Bases and Dimension Review

# Bases and Dimension Review

We will now review some of the recent content regarding bases and the dimension of a finite-dimensional vector space.

- Recall from the Basis of a Vector Space that if $V$ is a finite-dimensional vector space and the set of vectors $\{ v_1, v_2, ..., v_n \}$ is both linearly independent and spans $V$ then $\{ v_1, v_2, ..., v_n \}$ is said to be a
**Basis**of $V$.

- For example, consider the vector space $\mathbb{F}^n$. The
**Standard Basis**for $\mathbb{F}^n$ is the set of vectors $\{ e_1, e_2, ..., e_n \}$ where $e_j$ is the $n$-component vector whose components are all zero except the $j^{\mathrm{th}}$ component is $1$. For example, the standard basis for $\mathbb{F}^3$ is $\{ (1, 0, 0), (0, 1, 0), (0, 0, 1) \}$.
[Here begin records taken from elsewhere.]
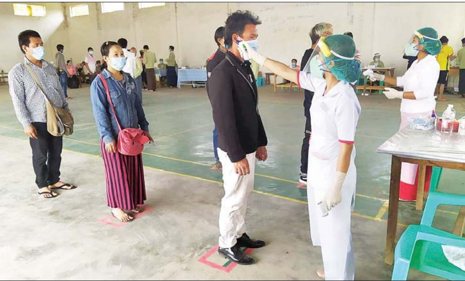
တရုတ်နိုင်ငံမှ ပြန်လည်ဝင်ရောက်လာသူများကို ကျန်းမာရေးစစ်ဆေးမှု ပြုလုပ်နေစဉ်။

လွယ်ဂျယ် ဧပြီ ၂၀ တရုတ်ပြည်သူ့သမ္မတနိုင်ငံ ယူနန်ပြည်နယ် လုံခြုံခရိုင်မှ မြန်မာနိုင်ငံသို့ ဝင်ရောက်လာသူများကို ဧပြီ ၁၆ ရက်မှ စတင်လက်ခံဆောင်ရွက်လျက်ရှိရာ ယနေ့အထိ နေရပ်ပြန်လည်ဝင်ရောက်လာသူ မြန်မာနိုင်ငံသား စုစုပေါင်း ၁၈၇၄ ဦး ရှိပြီဖြစ်ကြောင်း သိရသည်။ ဧပြီ ၂၀ ရက်အထိ နေရပ်ပြန်လာသူ မြစ်ကြီးနားမြို့နယ်တွင် လေးဦး၊ ဝိုင်းမော်မြို့နယ်တွင် နှစ်ဦး၊ မိုးကောင်း မြို့နယ်တွင် ၁၄ ဦး၊ မိုးညှင်းမြို့နယ်တွင် ငါးဦးနှင့် ဗန်းမော်ခရိုင်အတွင်းရှိ ဗန်းမော်မြို့နယ်တွင် ၂၇ ဦး၊ မိုးမောက်မြို့နယ် တွင် ၇၈ ဦး၊ ရွှေကူမြို့နယ်တွင် ၁၁ ဦး၊ မန်စီမြို့နယ်တွင် ၂၇ ဦးရှိရာ ၎င်းတို့ကို ယာဉ်ငယ် ၁၈ စီးဖြင့် ဗန်းမော်ခရိုင်အတွင်း မြို့နယ်များရှိ နေရပ်ပြန်များကို မိုးမောက်မြို့နယ် ကျောက်စခန်းကျေးရွာရှိ စုရပ်စခန်းသို့ လည်းကောင်း၊ မြစ်ကြီးနားခရိုင်နှင့် မိုးညှင်းခရိုင်သို့ နေရပ်ပြန်များကို မြစ်ကြီးနား စီတာပူ ကုန်ချစခန်းစုရပ်သို့ လည်းကောင်း ပို့ဆောင်ပေးလျက်ရှိကြောင်း သိရသည်။ ထို့အပြင် လွယ်ဂျယ်မြို့ ကန့်သတ်စောင့်ကြည့်ရေးစခန်းများတွင် အမျိုးသား ၁၃၄ ဦး၊ အမျိုးသမီး ၄၇ ဦး စုစုပေါင်း ၁၈၁ ဦးတို့ကို ၂၀ ရက် ကန့်သတ် စောင့်ကြည့်ရန်ထားရှိပြီး လိုအပ်သည့်အစီအမံများ ဆောင်ရွက်ပေးလျက် ရှိသည်။ တရုတ်နိုင်ငံမှ ဝင်ရောက်လာသူများကို ကျန်းမာရေးစစ်ဆေးမှုအရ ကိုဗစ်-၁၉ ရောဂါနှင့် ပတ်သက်၍ သံသယရောဂါလက္ခဏာပြသ တစ်ဦး တစ်ယောက်မျှ မတွေ့ရှိကြောင်း သိရသည်။ ထွန်းထွန်းနိုင်(ပြန်/ဆက်)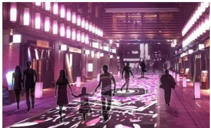
②サクラカーペット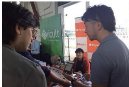
図5 展示会（TechCrunch DISRUPT SF 2017）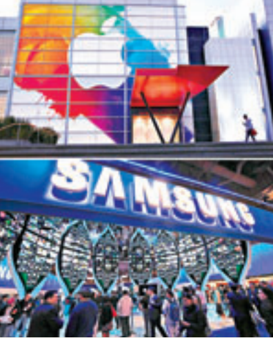
■蘋果(上)控訴三星侵權案勝訴。法新社

另外，美國反壟斷律師前日入稟紐約聯邦法院，指多家出版社聯手抬高電子書價格，要求當局勒令蘋果中止與這些書商的合約，未來兩年開放其他書商經銷蘋果iPad及iPhone的手機程式(app)出售電子書，令市場恢復公平競爭。 ■美聯社/法新社/《華爾街日報》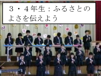
3・4年生：ふるさとのよさを伝えよう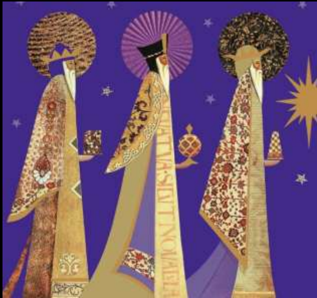
博士たち Wise Men (1月6日 Jan 6)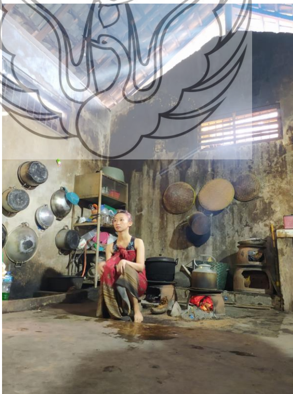
Gambar 37. Shot Dapur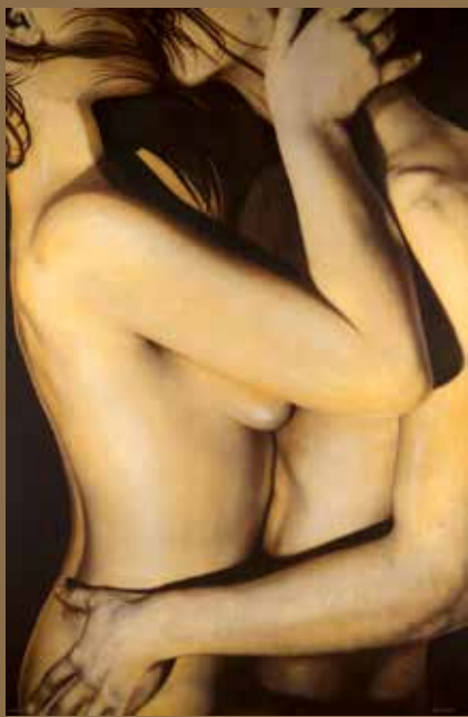
AMOR NU 2018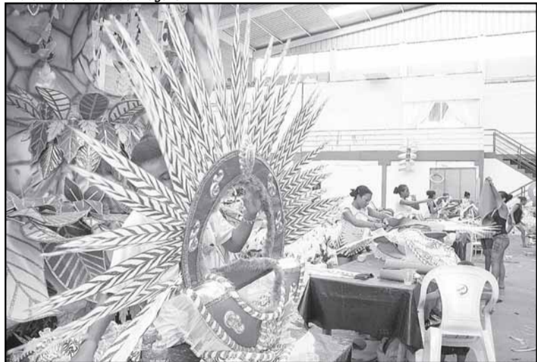
Escola vai com cinco carros alegóricos

A União da Vila do IAPI será a quarta escola a desfilar no Carnaval de Porto Alegre. Fundada em 21 de março de 1980, a agremiação homenageará o cinquentenário da capital federal, com o tema enredo “Brasília, 50 anos de um sonho dourado no coração do Brasil”. Este ano a escola completa 30 anos. (fotos)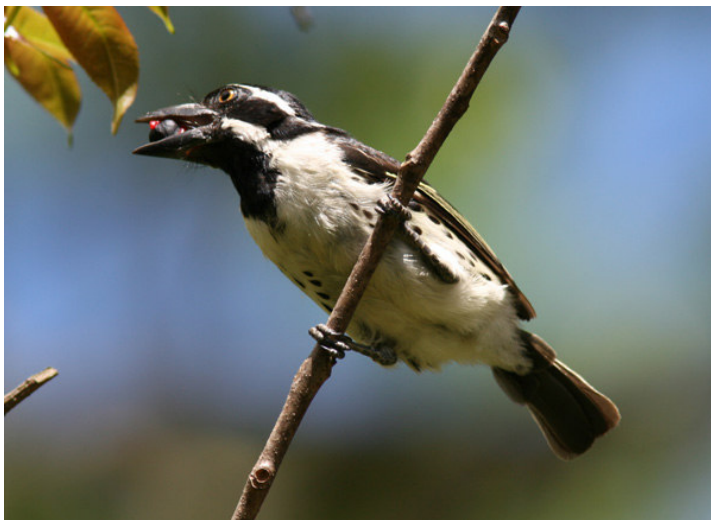
Spot-flanked Barbet, Thika.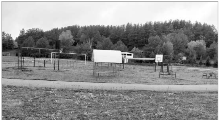
...и спортивные снаряды.

НАЗВАНИЕ ПРОЕКТА говорит само за себя. Стадион, существующий с 1985 года, давно требовал ремонта. Обветшавшие трибуны, на беседках прохудились крыши, и ограждение требовало обновления. В прошлом году администрация сельсовета подала заявку на участие в программе поддержки местных инициатив и вошла в число победителей.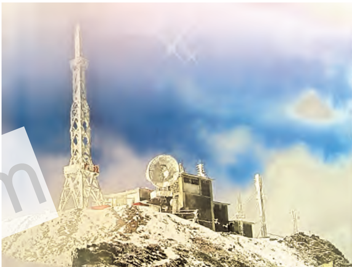
雄踞苍峰绝顶，傲视冰雪之巅； 傲居世界之巅，傲居世界之巅。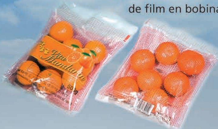
Bolsas de film en bobinas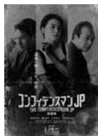
「コンフィデンスマンJP 英雄編」1月14日公開 ©2022「コンフィデンスマンJP」製作委員会

シリーズ3作目は地中海に浮かぶ世界遺産・マルタ島が舞台。元マフィアが所有する幻の古代ギリシャ彫刻(踊るビーナス)を狙う3人に、警察やインターポールの捜査の手が迫る…。果たして最後に笑うのは誰なのか!? ※1月公開予定作品はP.31参照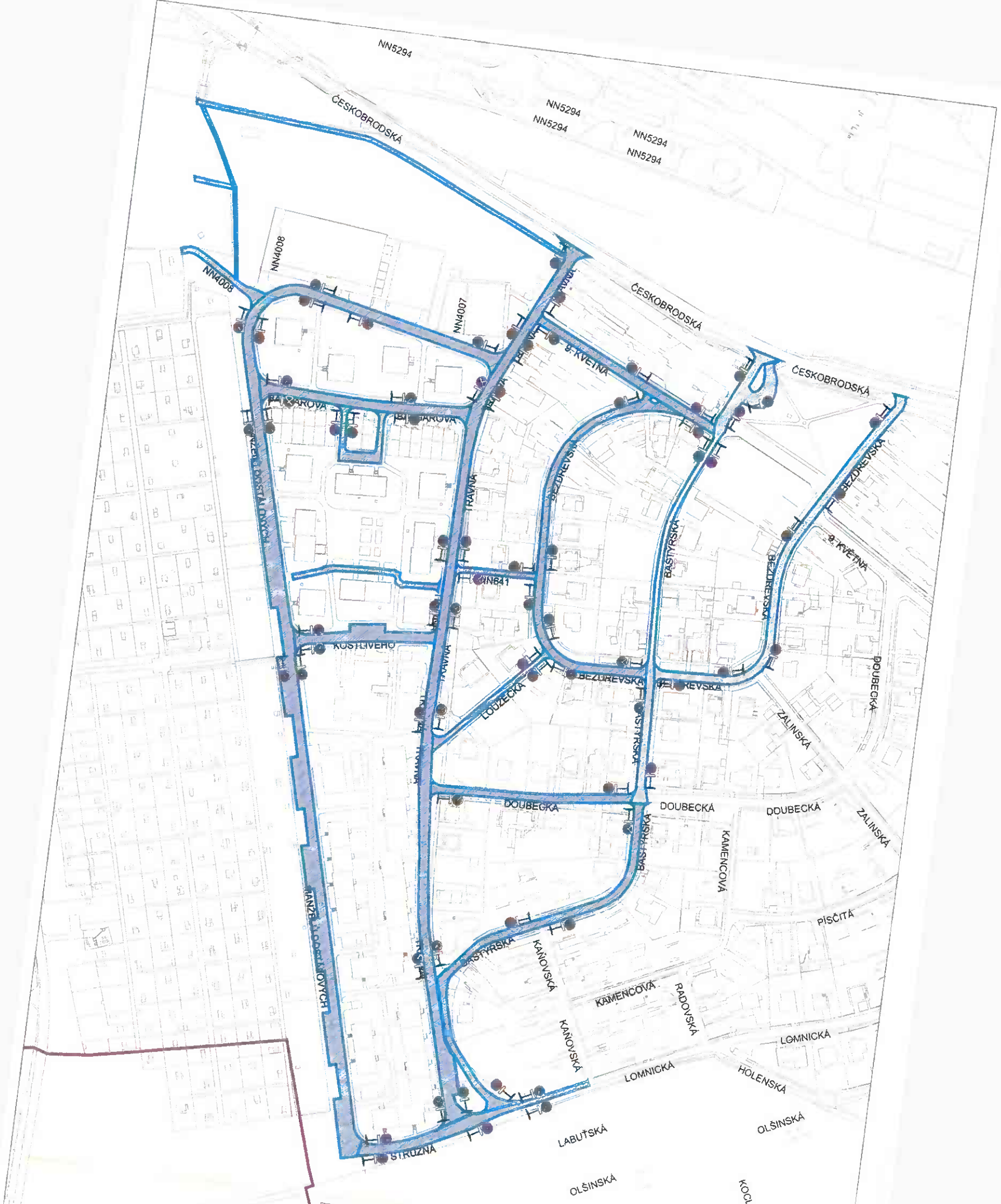
Praha 14 - bl.5 - JAHODNICE (1.část)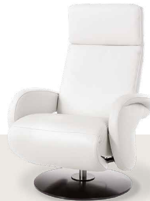
Bezug: Z73/43 cream white

Sitzkomfort empfindet jeder anders - und genau darauf geht das ergorelaxx -Programm ein. Das Kopfteil ist stufenlos verstellbar. Die Rückenlehnen lassen sich durch einfache Gewichtsverlagerung bequem nach hinten neigen. Weitere Verstellmöglichkeiten bestehen manuell (via Einsatz einer Gasdruckfeder) oder motorisch. Design: Wilhelm Bolinth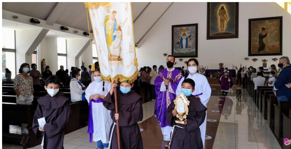
Fraternité Notre-Dame de Montligeon in Guatemala

Die Fraternität Notre-Dame de Montligeon ist eine Vereinigung von Gläubigen, die 1893 von Papst Leo XIII. als Erzbruderschaft gegründet wurde. Ihr Hauptanliegen ist das Gebet für die Seelen im Fegefeuer, insbesondere für die am meisten Vergessenen. Sie ist auf allen fünf Kontinenten vertreten und lädt ihre Mitglieder ein, für die Verstorbenen und alle Personen, die ihr anempfohlen werden, zu beten und beten zu lassen.

- We saw that a basis for the vector space $M_{22}$ of all $2 \times 2$ matrices is $\left \{ \begin{bmatrix} 1 & 0\\ 0 & 0\end{bmatrix}, \begin{bmatrix} 0 & 1\\ 0 & 0\end{bmatrix}, \begin{bmatrix} 0 & 0\\ 1 & 0\end{bmatrix}, \begin{bmatrix} 0 & 0\\ 0 & 1\end{bmatrix} \right \}$.

- We also saw that $\{ 1, i \}$ and $\{ 1 + i, 1 - i \}$ are both bases for the vector space $\mathbb{C}$ of complex numbers.

- On the Theorems Regarding a Basis of a Vector Space we saw that a set of vectors $\{ v_1, v_2, ..., v_n \}$ is a basis of $V$ if and only if each vector $v \in V$ can be written
*uniquely*as a linear combination for $a_1, a_2, ..., a_n \in \mathbb{F}$ of the vectors in $\{ v_1, v_2, ..., v_n \}$:

\begin{align} \quad v = a_1v_1 + a_2v_2 + ... + a_nv_n \end{align}

- We then noted that every spanning set of vectors can be reduced to a basis of $V$. This can be achieved systematically. Take a spanning set of vectors $\{ v_1, v_2, ..., v_n \}$. If the first vector is zero, then throw it out. If the first vector is nonzero, then keep it. If the $j^{\mathrm{th}}$ vector is in the span of the previous vectors, then throw it out, and if not, keep it and move on. After the $n^{\mathrm{th}}$ step we will have produced a set of linearly independent vectors that still spans the whole space.

- We also noted that every linearly independent set of vectors from a finite-dimensional vector space $V$ can be extended to a basis of $V$. Once again, this can be achieved systematically. Take a linearly independent set of vectors $\{ v_1, v_2, ..., v_n \}$ and some largest set of vectors that spans $V$, say $\{ w_1, w_2, ..., w_m \}$. If $w_1$ is a linear combination of the vectors in $\{ v_1, v_2, ..., v_n \}$ then throw it out, and if not, add it in. If the $j^{\mathrm{th}}$ vector, $w_j$ is in the span of $\{ v_1, v_2, ..., v_n \}$ and the kept $w$ vectors, then throw it out, and if not, add it in. After the $n^{\mathrm{th}}$ step we will have produced a spanning set of vectors that contains all of the linearly independent vectors from the linearly independent set $\{ v_1, v_2, ..., v_n \}$.

- We also noted that every finite-dimensional vector space must then have a basis.

- On the Dimension of a Vector Space page we saw that if $V$ is a finite-dimensional vector space, then the length of any basis of $V$ is the same, and we defined the
**Dimension**of $V$ to be this length.

- The dimension of $\mathbb{F}^n$ is $n$ since $\{ (1, 0, 0, ..., 0), (0, 1, 0, ..., 0), ..., (0, 0, 0, ..., 1) \}$ is a basis of $n$ vectors for $\mathbb{F}^n$. The dimension of the set of all polynomials of degree $n$ or less, $\wp (\mathbb{R})_{n}$, is $n + 1$ since $\{ 1, x, x^2, ..., x^n \}$ is a basis of this vector space.

- We noted that the underlying field for the vector space $V$ is important in determining its dimension. For the vector space $\mathbb{C}$ of complex numbers whose scalar field is $\mathbb{R}$ we have that $\mathrm{dim}_{\mathbb{R}} (\mathbb{C}) = 2$ and $\{ 1, i \}$ is a basis of $\mathbb{C}$. If instead we consider the vector space $\mathbb{C}$ of complex numbers whose scalar field is $\mathbb{C}$, then we have that $\mathrm{dim}_{\mathbb{C}} (\mathbb{C}) = 1$.